Squid Rate AI combines advanced machine learning models with enriched blockchain datasets to predict supply and borrow rates on Compound V2. Using GizaTech's Zero-Knowledge Machine Learning (ZKML) framework, the solution enhances privacy while ensuring accurate predictions. By integrating Squid's SDK, Squid Rate AI leverages real-time blockchain data on WBTC and USDT transactions, which enriches the dataset and enables more precise forecasting. These predictions allow users to make informed decisions, optimize their portfolios, and manage risks in the ever-evolving DeFi market. Squid Rate AI offers reliable insights, supporting users with predictive analytics that leverage both historical and real-time data.
Squid Rate AI provides DeFi users with accurate predictions of Compound V2 supply and borrow rates by combining Compound v2 dataset with real-time blockchain data. The use of Squid's SDK to gather token-specific transaction data ensures that the predictions are more relevant and timelier. This enriched dataset enhances the precision of machine learning models, helping users optimize their lending and borrowing strategies. Whether for risk management, portfolio optimization, or algorithmic trading, Squid Rate AI empowers users to stay ahead of market fluctuations and make data-driven decisions that maximize their returns.
The following contract addresses were passed to the EvmBatchProcessor constructor to extract data which were specifically aimed to enrich the Compound V2 dataset from GizaTech's Dataset. Considering the volume of the dataset, USDT and WBTC was focused and primarily used during the data analysis, but other tokens were also considered during the mining process.
export const contractAddresses = {Matic: '0x7D1AfA7B718fb893dB30A3aBc0Cfc608AaCfeBB0'.toLowerCase(), WBTC: '0x2260FAC5E5542a773Aa44fBCfeDf7C193bc2C599'.toLowerCase(), USDT: '0xdAC17F958D2ee523a2206206994597C13D831ec7'.toLowerCase(), USDC: '0xA0b86991c6218b36c1d19D4a2e9Eb0cE3606eB48'.toLowerCase(), WETH: '0xC02aaA39b223FE8D0A0e5C4F27eAD9083C756Cc2'.toLowerCase(), DAI: '0x6B175474E89094C44Da98b954EedeAC495271d0F'.toLowerCase()};
The total traded amount in each day for each token was aggregated by the following Market Activity timeframes to enhance the information that can be contained from the original Compound V2 Dataset.

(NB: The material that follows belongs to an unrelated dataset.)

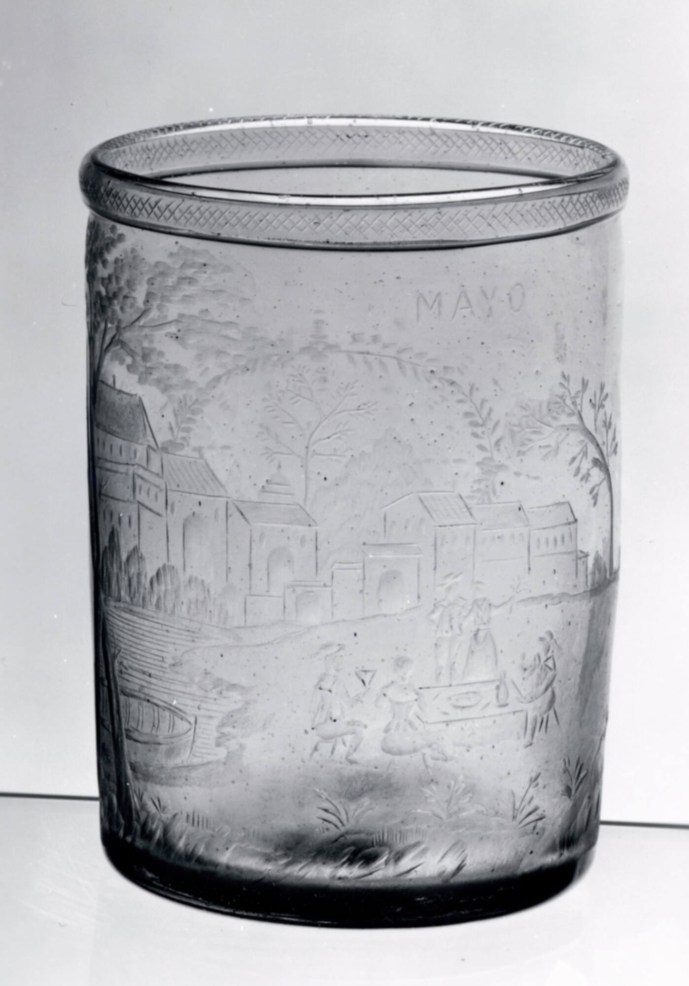 DescriptionHeavy yellow-green glass, cylindrical form, engraving of landscape, and the word MAYO

To synchronize the timeframes of the Squid's extracted dataset for the two tokens (USDT and WBTC) with the Compound V2 dataset timeframe, we first extracted both the oldest and latest timestamps from the extracted dataset for each token:
Oldest Timestamps: {'USDT data': Timestamp('2017-11-28 15:38:10+0000', tz='UTC'), 'WBTC data': Timestamp('2023-08-26 16:30:59+0000', tz='UTC')} Latest Timestamps: {'USDT data': Timestamp('2024-08-07 18:11:59+0000', tz='UTC'), 'WBTC data': Timestamp('2024-07-31 05:25:11+0000', tz='UTC')}
We then extracted the global oldest and latest timestamps for each token, which resulted to the following:
Global Oldest Timestamp: 2023-08-26 16:30:59+00:00 Global Latest Timestamp: 2024-07-31 05:25:11+00:00
Both tokens dataset must synchronize on the same timeframe so that we can avoid having null values when we integrate it with the Compound V2 dataset. We then use the Global Oldest Timestamp and Global Latest Timestamp we then use it to truncate the original Compound V2 dataset to these bounds. The tradeoff is that we will be losing more information on the original dataset to capture a wider timeframe, but we could focus more on a specific timeframe on how both the supply and borrow rates works.

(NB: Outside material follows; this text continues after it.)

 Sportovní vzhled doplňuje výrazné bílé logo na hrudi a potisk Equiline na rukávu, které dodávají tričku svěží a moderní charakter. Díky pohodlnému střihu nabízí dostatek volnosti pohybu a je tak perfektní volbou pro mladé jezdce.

Based on the jupyter notebook from the code repository here's the comparison of the models (supply rate focused) that were trained on enriched Compound v2 dataset and the non-enriched one.
Original Compound v2 Dataset Results:
Training RMSE: 0.37868252396583557
Training R-squared (R²) score: 0.8565995572197411
Validation RMSE: 0.663108229637146
Validation R-squared (R²) score: 0.7677438088501785
Test RMSE: 1.4575222730636597
Test R-squared (R²) score: -5.9971057203683245
Enriched Compound v2 Dataset with (Squid Extracted Data) Results:
Training RMSE: 0.1319979578256607
Training R-squared (R²) score: 0.9825765381387938
Validation RMSE: 0.5409678220748901
Validation R-squared (R²) score: 0.8454242812656314
Test RMSE: 0.8830604553222656
Test R-squared (R²) score: -1.5684374082940638
Percentage Improvement from Original to Enriched Dataset
Training RMSE Improvement:
Training R² Improvement:
Validation RMSE Improvement:
Validation R² Improvement:
Test RMSE Improvement:
Test R² Improvement:
Note: The R² score on the test set may not be ideal, but this is largely due to the data synchronization constraints with the Squid Extracted Dataset, limiting the timeframe we could capture. The primary goal of this analysis was to demonstrate whether integrating Squid's data could enhance the model's predictive performance. The results show that it does, as seen by the significant improvements in both training and validation scores when comparing the original and enriched datasets. This suggests that, in the future, as more data is extracted over time, the model's predictive capabilities can be further enhanced by capturing a broader and more comprehensive timeframe during training.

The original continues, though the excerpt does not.